Adapted by Walsh from Max Porter's 2015 novel of the same name, it sees two young boys and their dad crushed by their, respectively, mother and wife's sudden death. They are visited by Crow, a mystifying and ambiguous entity who promises to stay until their grief has run its course.
This reincarnation of the project is electric and highly impactful, from its effective designs to Murphy's sizzling and fascinatingly heartbreaking performance.
It rightfully might as well be "The Cillian Murphy Show", as the actor delivers a long monologue switching between the inept dad - haunted by his dead wife's memories, with a nearly obsessive interest in Ted Hughes's poetry - and Crow. The latter transforms him into a hopping figure - the hood of his dark and fluffy robe drawn over his eyes and his arms pinned behind his back - while he is virtually muted as the depressed father.
His characters change as time passes - Crow from a destructive force to aid, and Dad learns to care for himself and his children, accepting grief but not letting it destroy them as a unit. The kids (David Evans, Leo Hart, Taighen O'Callaghan and Adam Pemberton at different performances) gradually rise from the background and, from acting out small acts of survival, learn to live in their new, mother-less world.
The vast stage designed by Jamie Vartan engulfs them with Will Duke's projections. This multimedia nature of the piece is at the core of Walsh's experimentation as he manages to convey suffocation and deep sadness through impeccably vivid visuals and an engrossing soundscape curated by Helen Atkinson.
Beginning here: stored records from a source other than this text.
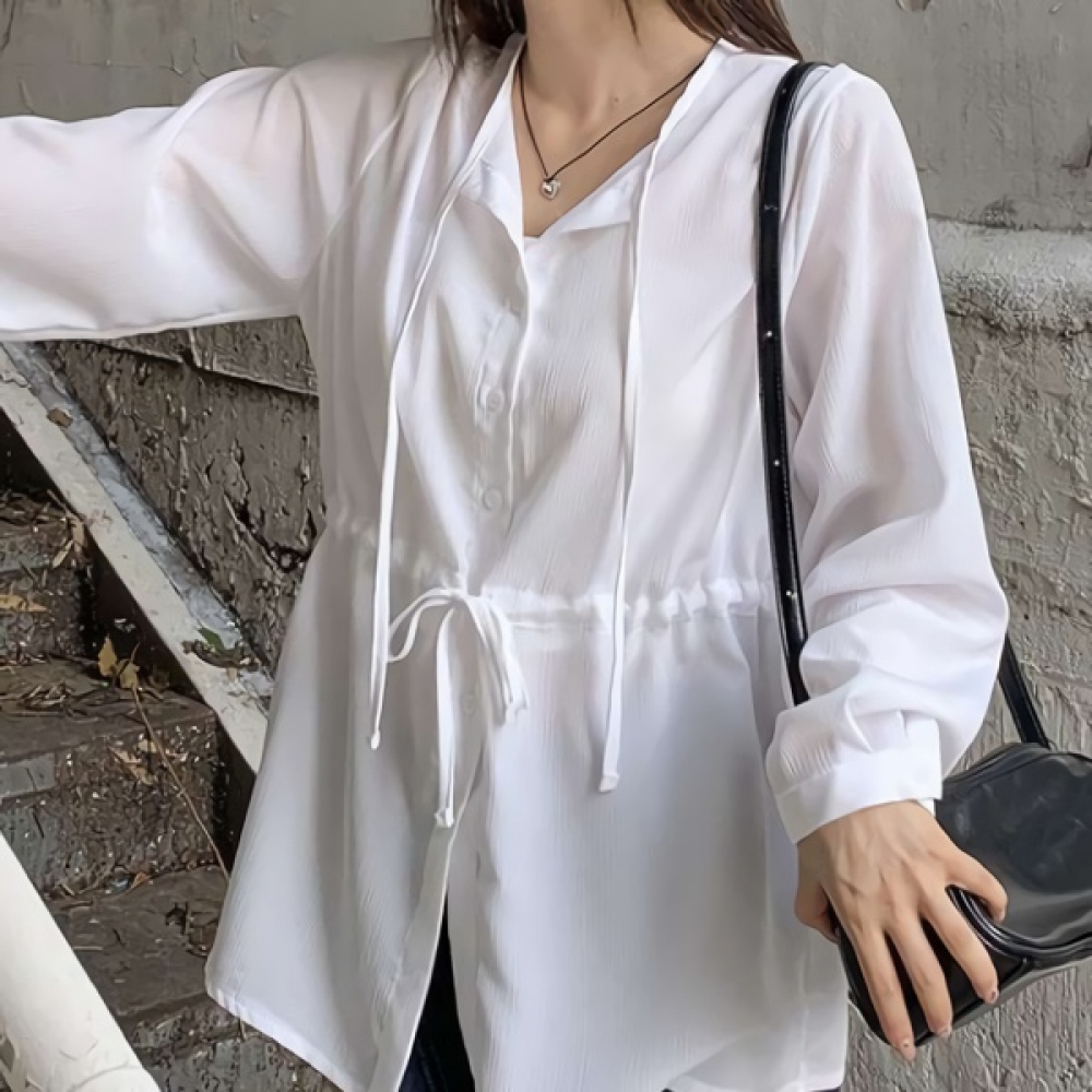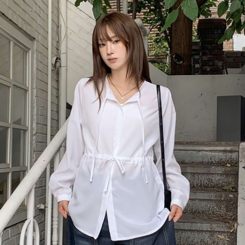 여성 겨울 오버핏 스트링 셔츠 블라우스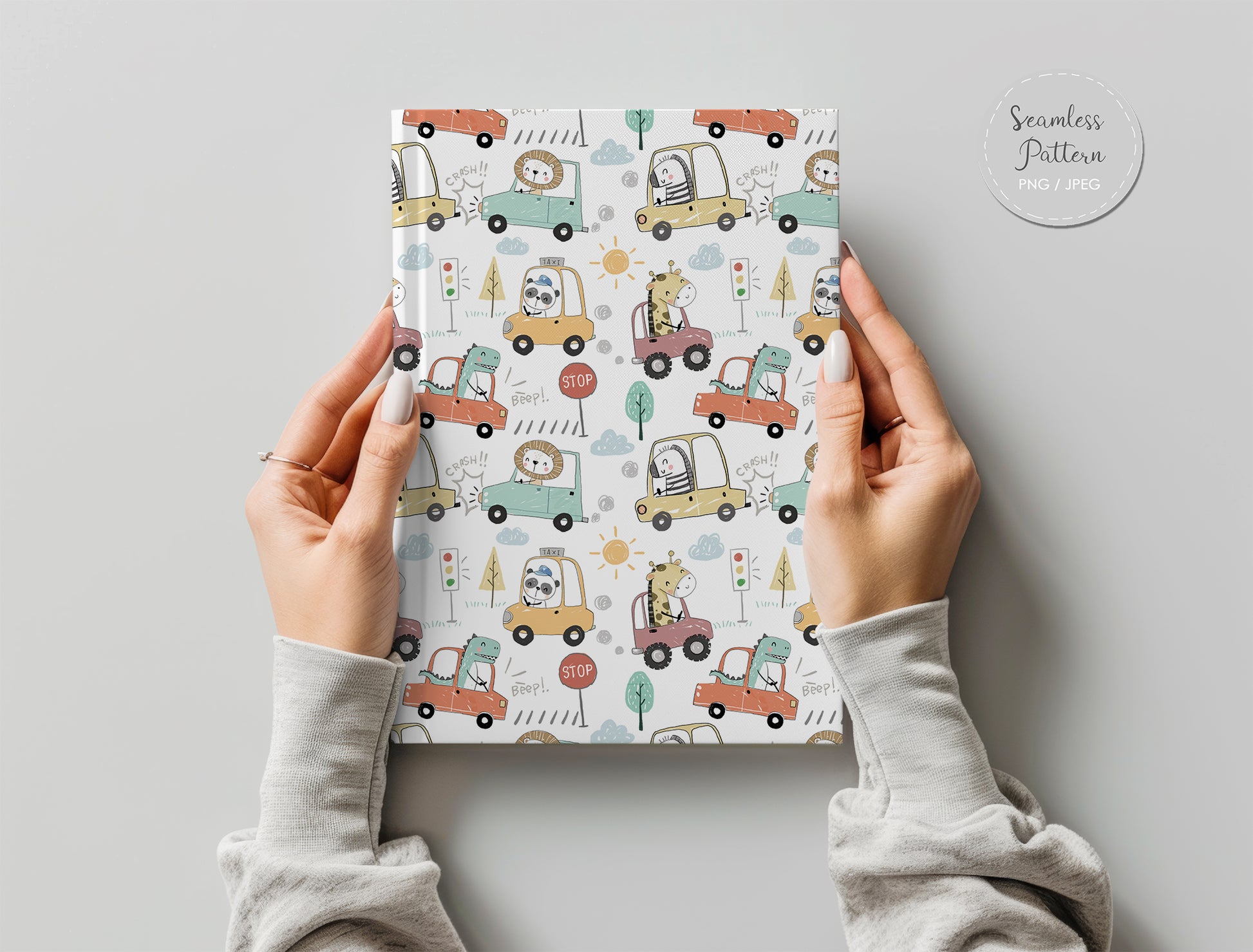 Animals car Seamless Pattern, instant download PNG file - 300 dpi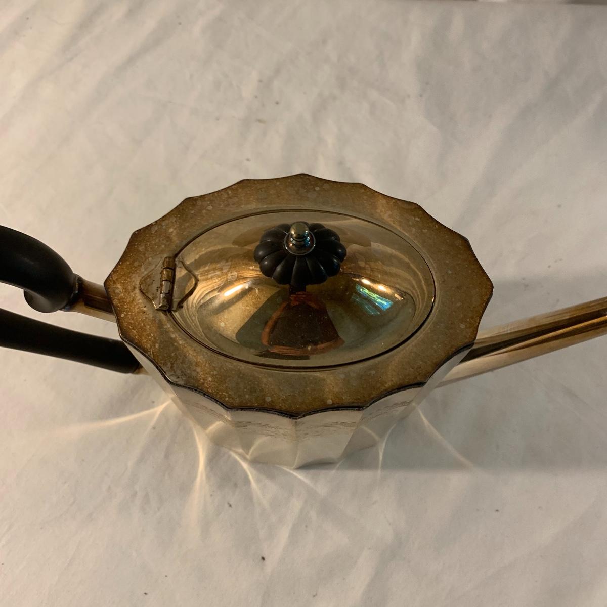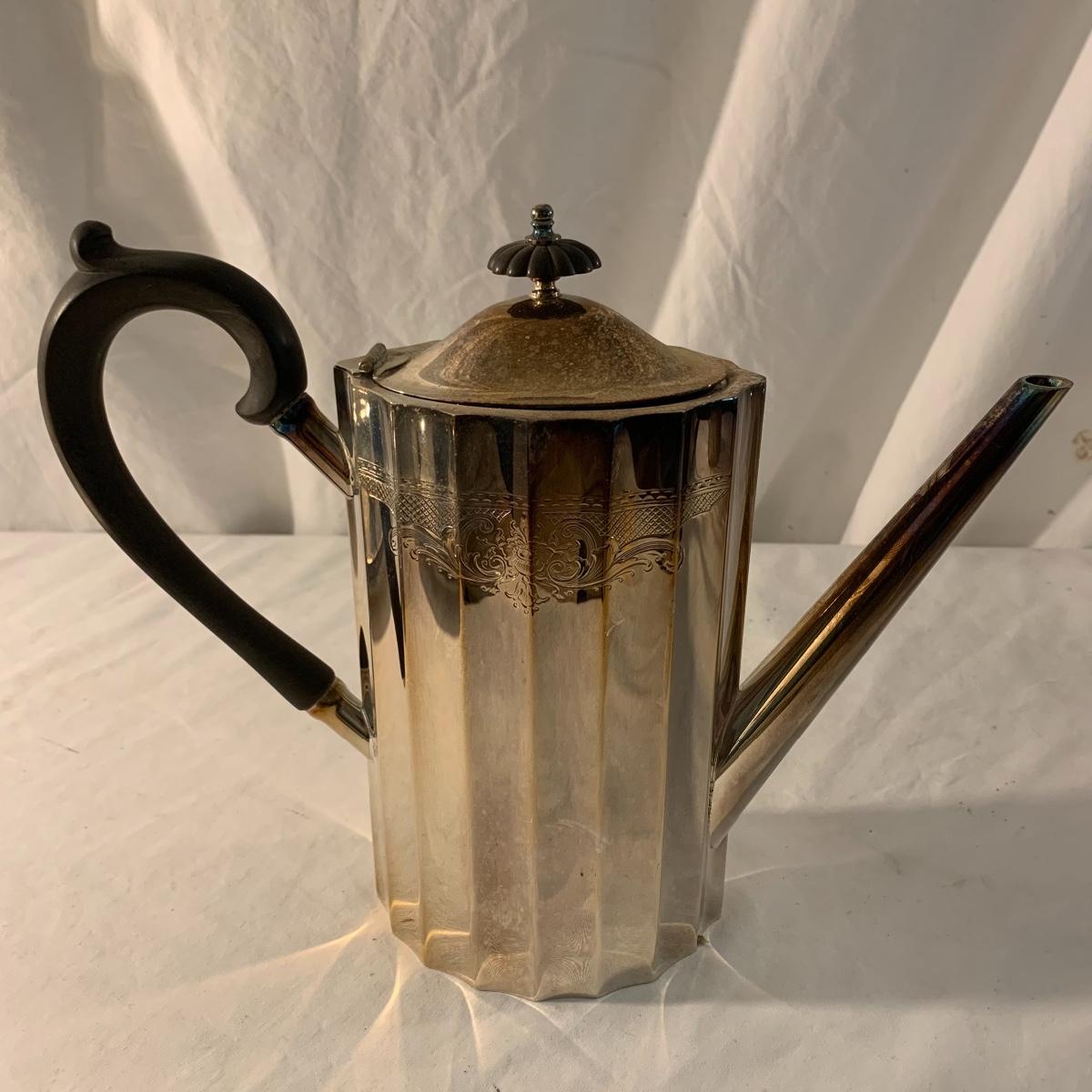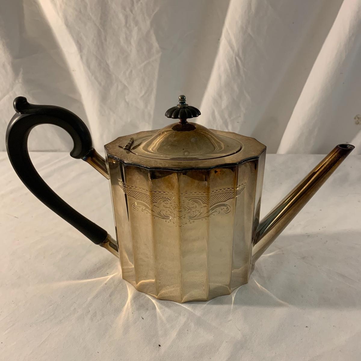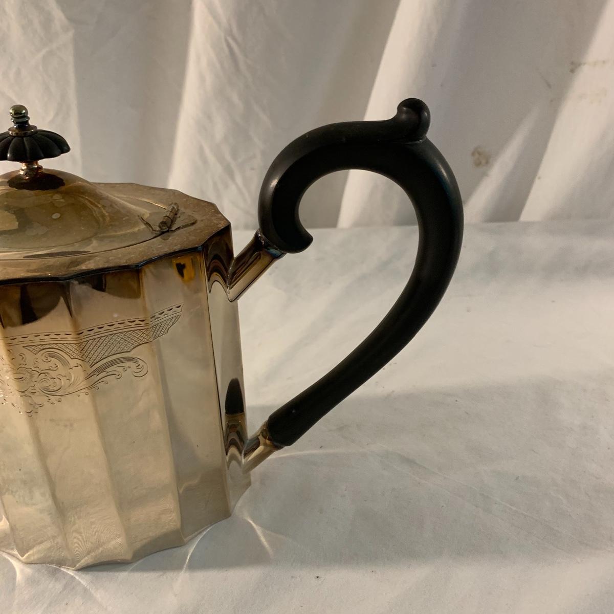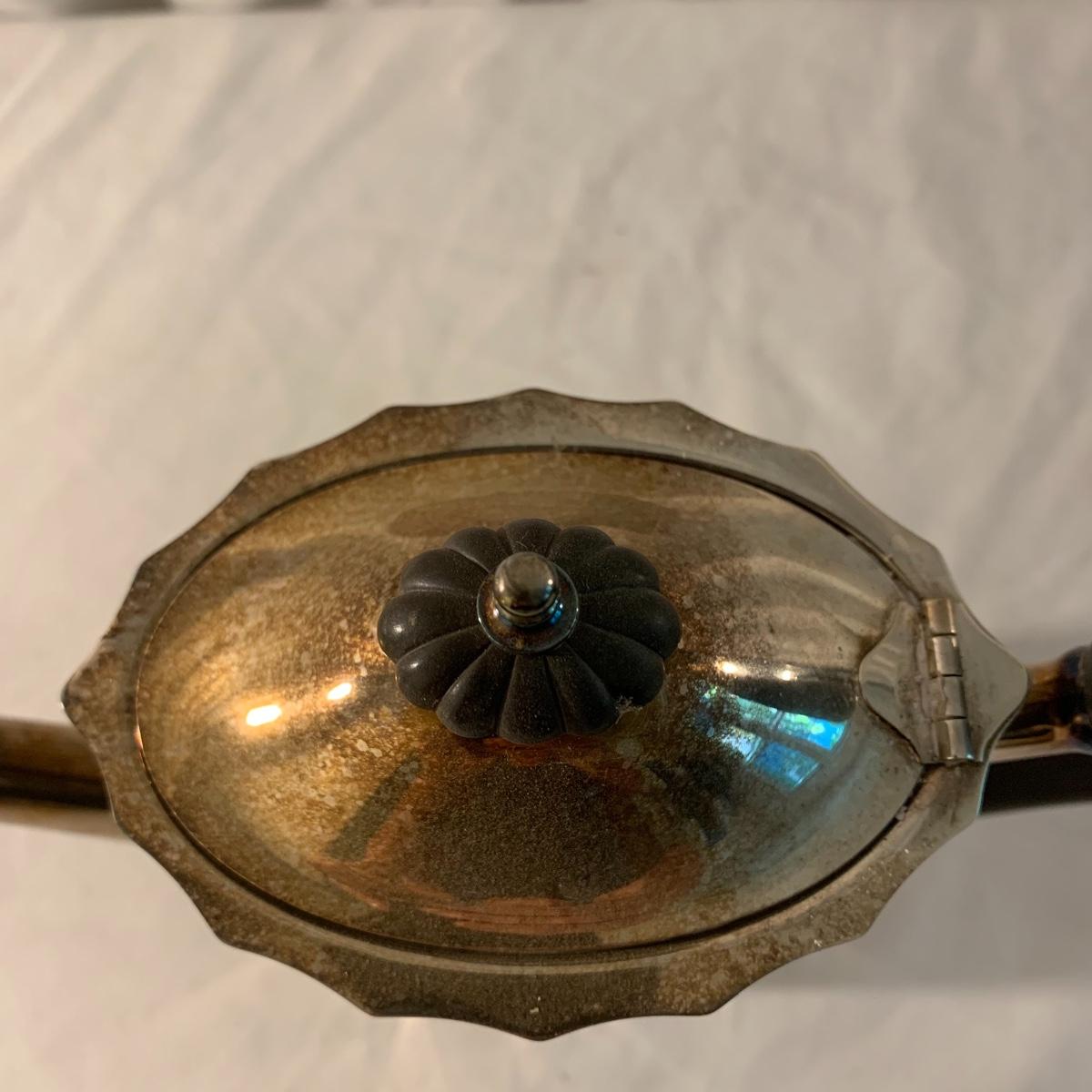This Tea set is gorgeous! Manufactured by Lunt the set includes a serving tray that measures 22” X 16”, a 9” tea pot, a 6” tea pot, a cream pitcher as well as a covered sugar bowl. All vessels feature a beautiful corrugated body with an engraved design. This set is in good condition but could stand a polishing. All items silver plated.

Walsh plays with the void of the staging by pushing the props (and characters) to the sides at the beginning, just as the parent's death has done to the rest of their being. He places them in a permanent night, casting sharp shadows on the wall which increment the projected work in an eerie atmosphere that turns from nightmare to real life in the matter of seconds.
The director presents a sensory experience that tugs at the depths of human existence with a tale of overwhelming love severed by the unimaginable. Murphy is earnest in his melancholic and depressive state, the effects of his character's mental health showing directly with his kids' mismatched clothes and lack of proper food in the house.
As a whole, Grief is the Thing with Feathers introduces a story that honestly and simply tells the complexities of being forced to deal with sudden loss, exposing the rage attached to the process and revealing the stages of acceptance. Murphy's undeniable star power certainly comes second place to his mesmerising skills in this razor-sharp production.
Grief is the Thing with Feathers runs at Barbican Theatre until 13 April.